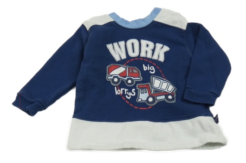 Tmavomodro-bílo-modrá mikina se stavebními stroji a nápisy
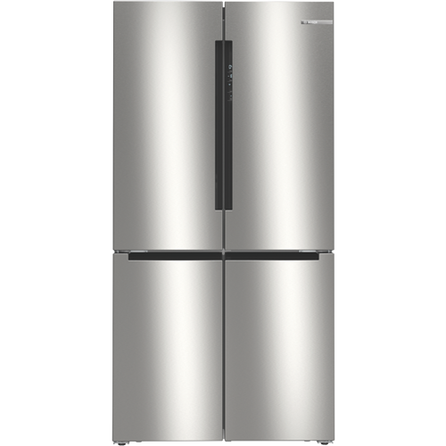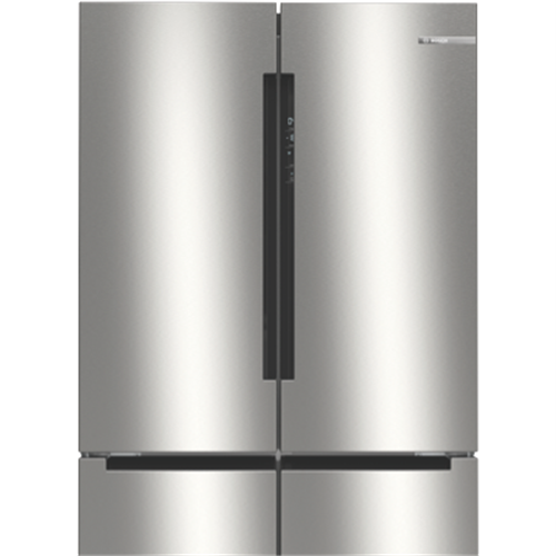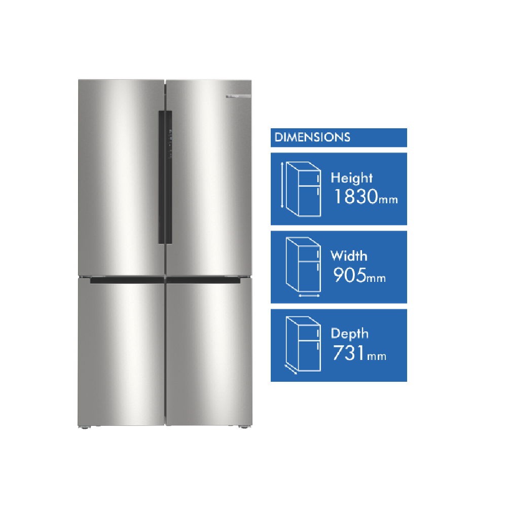 This Bosch 605L Quad Door Refrigerator gives you plenty of space for all your fresh and frozen foods with a generous 405L fridge capacity and 200L freezer space. The brushed steel finish adds a touch of style to your kitchen while the VitaFresh Plus system helps keep your produce fresher for longer. With Total No Frost technology you'll never have to defrost again and the metal backwall with Multi Airflow ensures even cooling throughout. Control everything through the Home Connect app while features like LED lighting child lock and SuperCooling function make this fridge both practical and convenient. This energy efficient 4.5 star rated refrigerator comes with a 2 year warranty. Model number: KFN96APEAA.
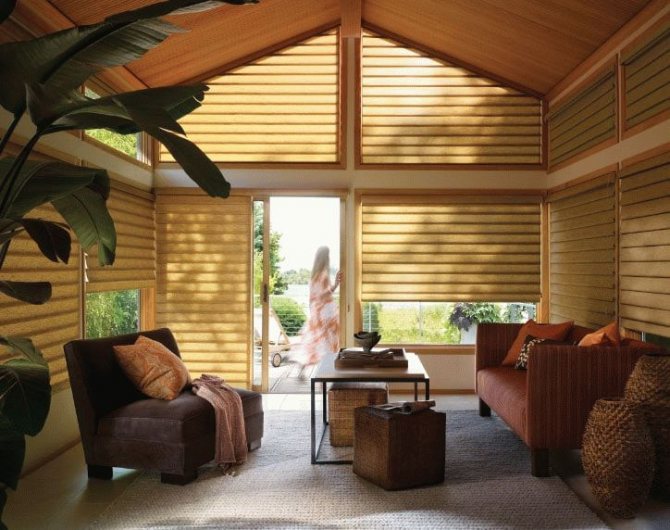 De tels stores coûteront plus cher que les rideaux classiques, mais leur fonctionnement pratique et à long terme rembourse les coûts de fabrication et d'installation.
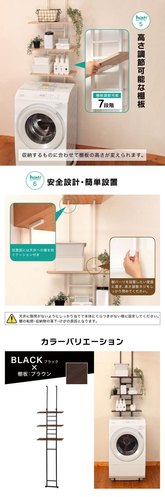 - 本来は洗濯機の上用の棚ですが、我が家はゴミ箱上のデッドスペースに活用させて頂いております。組み立ても簡単でスムーズに完成しました。納品も梱包も丁寧かつ迅速で大満足です。ありがとうございました。
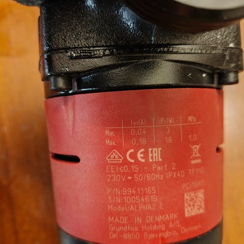 Varmepumpe, Grundfos, Pumpehus fra Grundfos Alpha2. Størrelse 25-xx 180
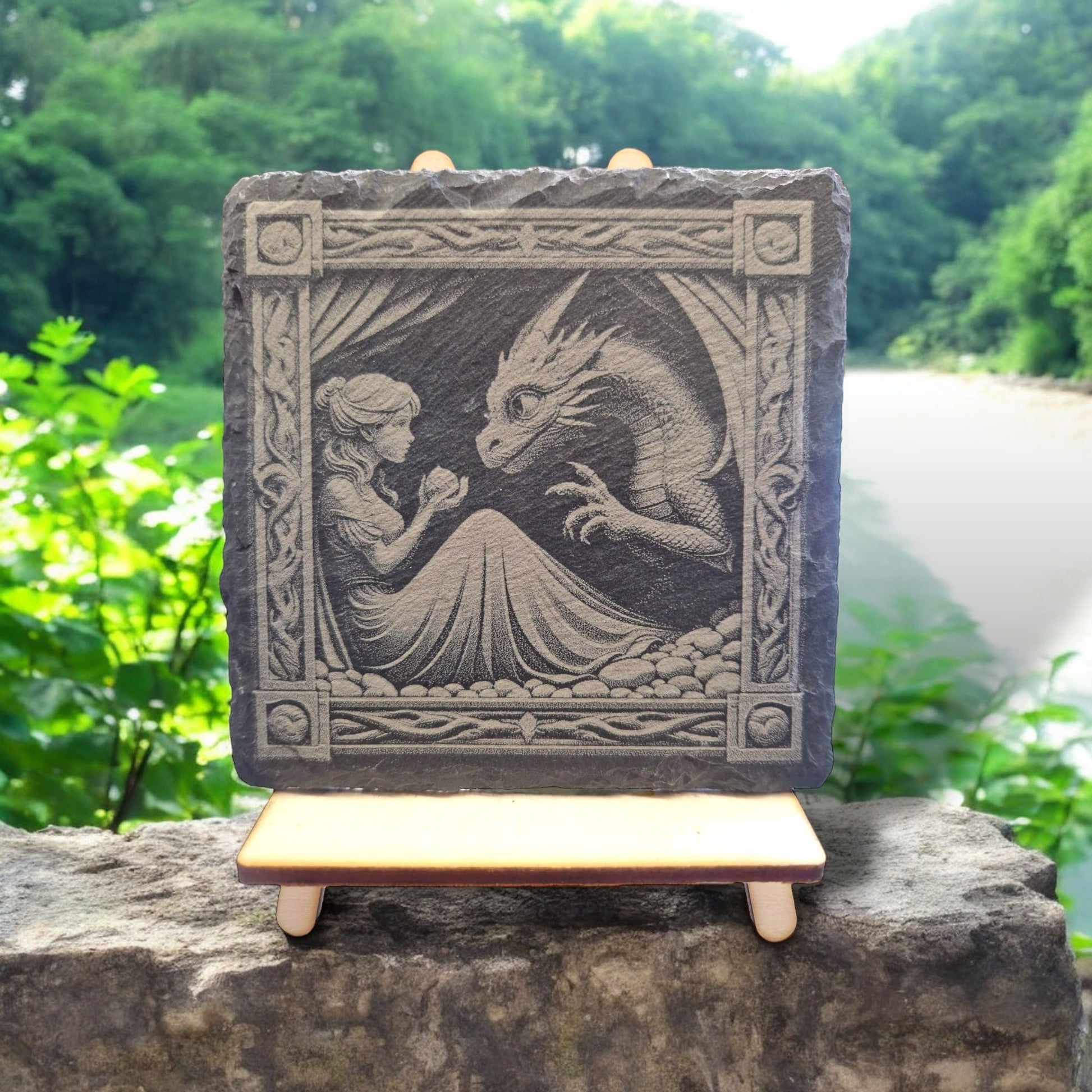 Schiefer Untersetzer Drache und Prinzessin 3D
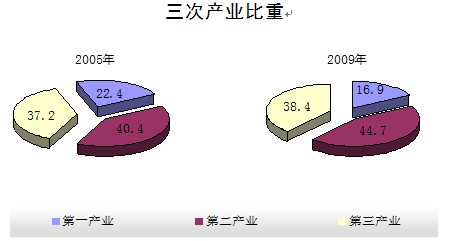 初步测算,全市实现地区生产总值396亿元,同比增长16.3%。其中,第一产业增长6.3%,对GDP增长的贡献率为6.2%;第二产业增长15.8%,对GDP增长的贡献率为45.9%;第三产业增长21.2%,对GDP增长的贡献率为47.9%。在第三产业中,金融保险业增长21.2%,批发和零售业增长24.5%,住宿和餐饮业增长19.9%,房地产业增长24.8%。人均地区生产总值达13502元,增长15.1%。产业结构进一步调整优化,三次产业结构为16.9:44.7:38.4。
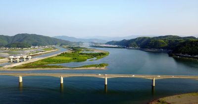 The Niyodo River Estuary Bridge spans 1,007 meters across the mouth of the Niyodo River, connecting Tosa City with Susaki City in Kochi Prefecture.
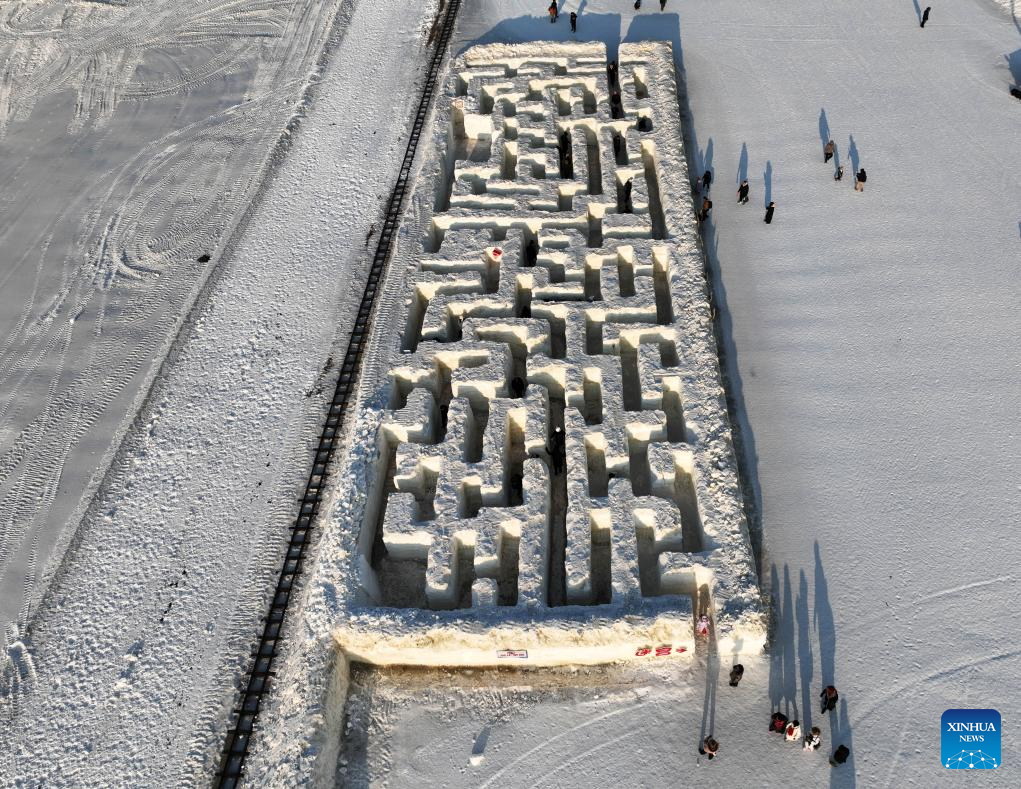 An aerial drone photo taken on Jan. 12, 2025 shows an ice maze at a creative agriculture industrial park in Shenyang, northeast China's Liaoning Province. In recent years, Shenyang has explored its ice and snow tourism resources, attracting numerous tourists. (Xinhua/Li Gang)
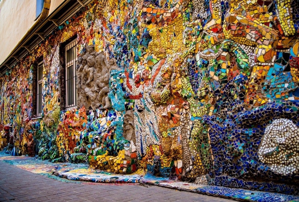 Настоящий арт-объект под открытым небом, одно из нетуристических мест Санкт-Петербурга, которое стоит посетить. Создан в 1984 году художником Владимиром Лубенко и его учениками из Малой Академии искусств. Весь двор украшен яркими мозаичными панно, фигурами людей, ангелов, львов, птиц в стиле модерн. Мозаичные композиции отражают философские воззрения автора на гармонию и духовность. Дворик стал музеем современного искусства, обязательным пунктом туристических маршрутов по неформальному Петербургу.
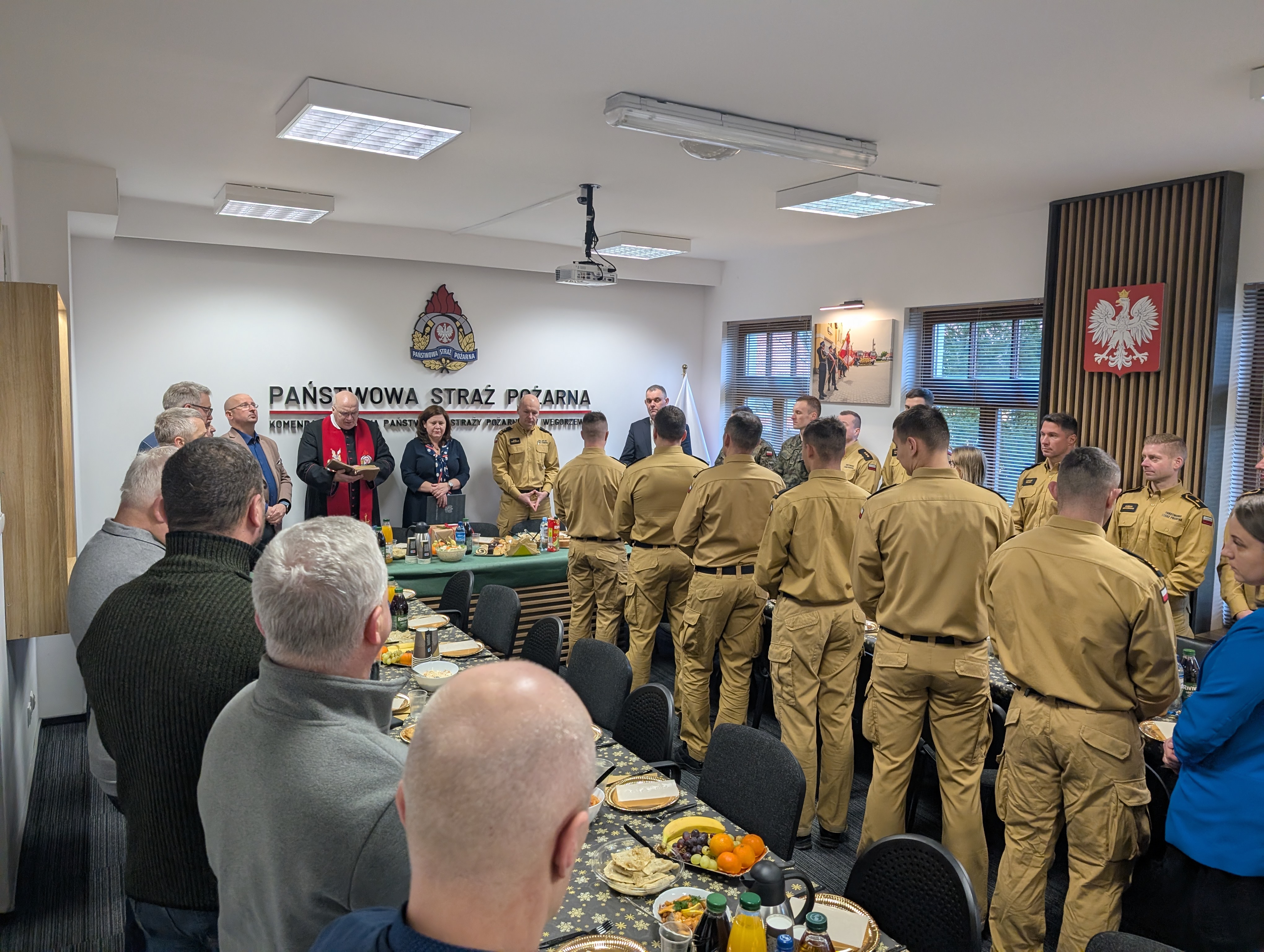 Po zakończeniu części oficjalnej wszyscy uczestnicy udali się do sali konferencyjnej, gdzie odbyło się tradycyjne spotkanie opłatkowe. Wzięli w nim udział funkcjonariusze i pracownicy cywilni komendy, a także zaproszeni goście.

━━━

_THE PROBLEM_.
Return all of the material exactly, without pictures.

_EXERCISE RESPONSE_.
 Tmavomodro-bílo-modrá mikina se stavebními stroji a nápisy
 This Bosch 605L Quad Door Refrigerator gives you plenty of space for all your fresh and frozen foods with a generous 405L fridge capacity and 200L freezer space. The brushed steel finish adds a touch of style to your kitchen while the VitaFresh Plus system helps keep your produce fresher for longer. With Total No Frost technology you'll never have to defrost again and the metal backwall with Multi Airflow ensures even cooling throughout. Control everything through the Home Connect app while features like LED lighting child lock and SuperCooling function make this fridge both practical and convenient. This energy efficient 4.5 star rated refrigerator comes with a 2 year warranty. Model number: KFN96APEAA.
 De tels stores coûteront plus cher que les rideaux classiques, mais leur fonctionnement pratique et à long terme rembourse les coûts de fabrication et d'installation.
 - 本来は洗濯機の上用の棚ですが、我が家はゴミ箱上のデッドスペースに活用させて頂いております。組み立ても簡単でスムーズに完成しました。納品も梱包も丁寧かつ迅速で大満足です。ありがとうございました。
 Varmepumpe, Grundfos, Pumpehus fra Grundfos Alpha2. Størrelse 25-xx 180
 Schiefer Untersetzer Drache und Prinzessin 3D
 初步测算,全市实现地区生产总值396亿元,同比增长16.3%。其中,第一产业增长6.3%,对GDP增长的贡献率为6.2%;第二产业增长15.8%,对GDP增长的贡献率为45.9%;第三产业增长21.2%,对GDP增长的贡献率为47.9%。在第三产业中,金融保险业增长21.2%,批发和零售业增长24.5%,住宿和餐饮业增长19.9%,房地产业增长24.8%。人均地区生产总值达13502元,增长15.1%。产业结构进一步调整优化,三次产业结构为16.9:44.7:38.4。
 The Niyodo River Estuary Bridge spans 1,007 meters across the mouth of the Niyodo River, connecting Tosa City with Susaki City in Kochi Prefecture.
 An aerial drone photo taken on Jan. 12, 2025 shows an ice maze at a creative agriculture industrial park in Shenyang, northeast China's Liaoning Province. In recent years, Shenyang has explored its ice and snow tourism resources, attracting numerous tourists. (Xinhua/Li Gang)
 Настоящий арт-объект под открытым небом, одно из нетуристических мест Санкт-Петербурга, которое стоит посетить. Создан в 1984 году художником Владимиром Лубенко и его учениками из Малой Академии искусств. Весь двор украшен яркими мозаичными панно, фигурами людей, ангелов, львов, птиц в стиле модерн. Мозаичные композиции отражают философские воззрения автора на гармонию и духовность. Дворик стал музеем современного искусства, обязательным пунктом туристических маршрутов по неформальному Петербургу.
 Po zakończeniu części oficjalnej wszyscy uczestnicy udali się do sali konferencyjnej, gdzie odbyło się tradycyjne spotkanie opłatkowe. Wzięli w nim udział funkcjonariusze i pracownicy cywilni komendy, a także zaproszeni goście.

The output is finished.